Но тогда, сразу же после пожара, еще никто и представить не мог, как окончит свою столь полезную жизнь трудяга-пекарь. Мужики растащили у него рогалики, а он — пробудившись — как следует с ними выпил. Потчевание, однако, длилось недолго: к восьми в корчму стали заглядывать нетерпеливые женки и каждая своего мужика (или своих) вытягивала оттуда и заставляла воротиться на пожню. Но и покосу приходит конец. В тот год погода стояла, и крестьяне управились на верхних лугах за две недели. Скосили траву, высушили ее и свежим сенцом забили сенники. На сеновалах одуряюще пахло. Теперь, как никогда, на них сладко было полеживать и видеть сны. Однако же столь благостного роздыха мужики не дозволяли себе и стягивались на ближние луга. Женщинам полегчало. Разудалые девки вечерами все чаще выставляли на придомьях свои загорелые икры и плечи. Снова до поздней ночи звенел зазывной женский смех, дразнивший страждущих.

Валент начал заниматься с Герминой немецким. Однажды вечером прибежал к нему помещичий батрак с оповещением, что барышня готова и ждет. Валент тщательно умылся, причесался, побрызгался старыми духами. Спрыснул и подмышки выутюженного пиджака. Долго крутился перед псевдовеницейским зеркалом. Надушился так сильно, что самому стало тошно. Он снял пиджак и долго тряс его, вздымая воздух и все принюхиваясь. Когда запах по-ослаб, он снова оделся и тронулся в путь. Просторный господский дом встретил его неприветливо. С лаем кинулась к нему свора собак — того и гляди вцепятся в брюки с заглаженными складками — такими, что об них и порезаться можно, — да, на счастье, выбежала служанка. Ввела его в залу с роялем, на котором Гермина наигрывала какие-то неблагозвучные прелюдии. Служанка убежала, а Валент нерешительно мялся в дверях. Пока Гермина доигрывала незнакомое сочинение, Валент нервически поправлял на шее большой в крапинку бант и манжеты на руках: за каникулы он, видать, поотвык от всех этих модных затей. Остановил взгляд на девушке. Единственной дочери мелкого помещика Гадерпана могло быть лет шестнадцать. С тех пор как Валент в последний раз видел ее, она ничуть не выросла. То была маленькая женщина, лицом и всем обликом походившая на свою мать Валику. Большую часть не очень красивого лица прикрывали пышные волосы, но сутуловатую, едва ли не горбатую спину ничем нельзя было прикрыть. Зато глаза были живые, взгляд пытливый, лицо выражало подозрение и недоверчивость. Кончив играть, она поднялась и остановилась возле рояля. С минуту пристально смотрела на Валента, потом подошла к нему и протянула руку.

— Ты влюблен? — спросила.

— Я? — растерялся Валент.

— Ты! — упорствовала она.

— Нет! — вспыхнул Валент и, нахмурившись, непроизвольно по-мужски выпятил грудь. — А ты?

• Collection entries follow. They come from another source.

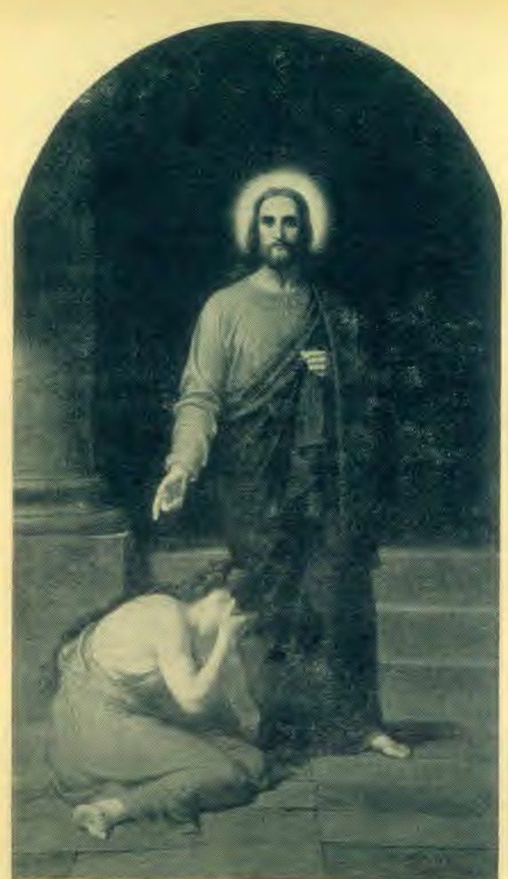
By Anton Dorph "Go and sin no more."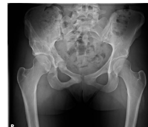
A. Before PAO left hip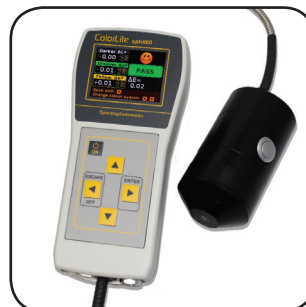
sph870 with measuring head MA35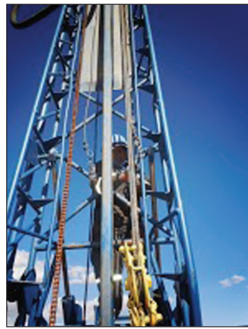
Preparing the rig for drilling.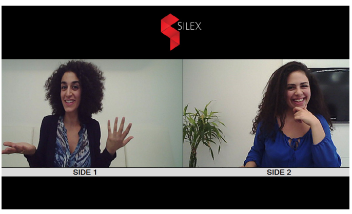
Dual view - PTE Duo +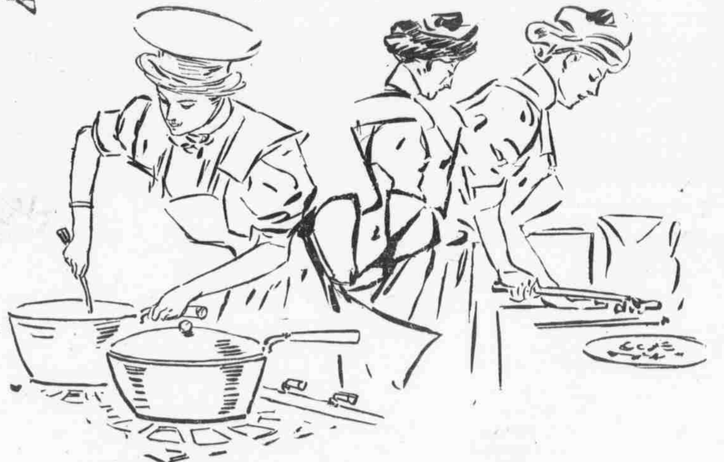
4.—She had a few assistants—some girls all garbed in white; But Fluffy made the candy, as she wished to have it right. She boiled the sugar to a thread, the fondant stirred with care; While the nuts and fruits and chocolate she let her aids prepare.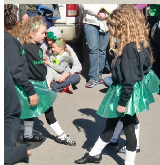
... and some Irish dance.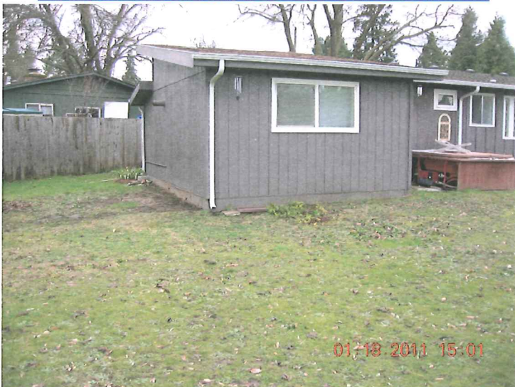
NORTHEAST CORNER (LOOKING SOUTH WESTERLY)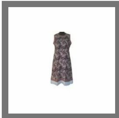
Screen Print Kurtis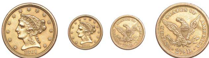
☞ 2538 Two-and-a-Half-Dollars, 1861, type 2. Possible mount removed at 12 o'clock, otherwise good very fine £200-250

— И я нет! — отрезала она и добавила уже мягче: — Но хотелось бы.

Она подошла к столику, взяла с него несколько

книжек и протянула Валенту. Он бегло их проглядел… Все

это были учебники немецкой грамматики и разговорники.

— Подойдут? — спросила Гермина.

— Вполне! — ответил он.

— С чего начнем?

— С разговорной речи.

— Хорошо, — согласилась она, — но пусть это будет разговор о любви.

— Не возражаю, — с готовностью кивнул Валент.

— Так сядем же! — Гермина потянула нерешительного Валента за руку и усадила в кресло. — Ты научишь меня говорить по-немецки, а я тебя играть на рояле… Согласен?

Он не ответил, только кивнул.

И вот, стало быть, они говорили по-немецки о любви, и Гермина делала первые успехи. Однако, освободившись через два часа от ее навязчивого общества, Валент почувствовал себя наверху блаженства. Странная девушка, думал он, уродлива, некрасива, но в ней есть что-то необычное, даже притягательное. Сама же навязывается, но тут же оскорбляет, а минутой позже снова пристает и снова отступает. В ней словно две женщины: уродливая, та, что перед главами, и красивая — ее не видишь, а только чувствуешь.

Кто знает, как долго бы размышлял Валент в таком же духе и до чего бы додумался, кабы мысли его не спугнула Ганка Коларова. Выскочив неведомо откуда, загородила дорогу. Он почти испугался, так неожиданно она предстала перед ним.

— Ганка! — ахнул он.

— Ты уже не любишь меня! — расплакалась девушка.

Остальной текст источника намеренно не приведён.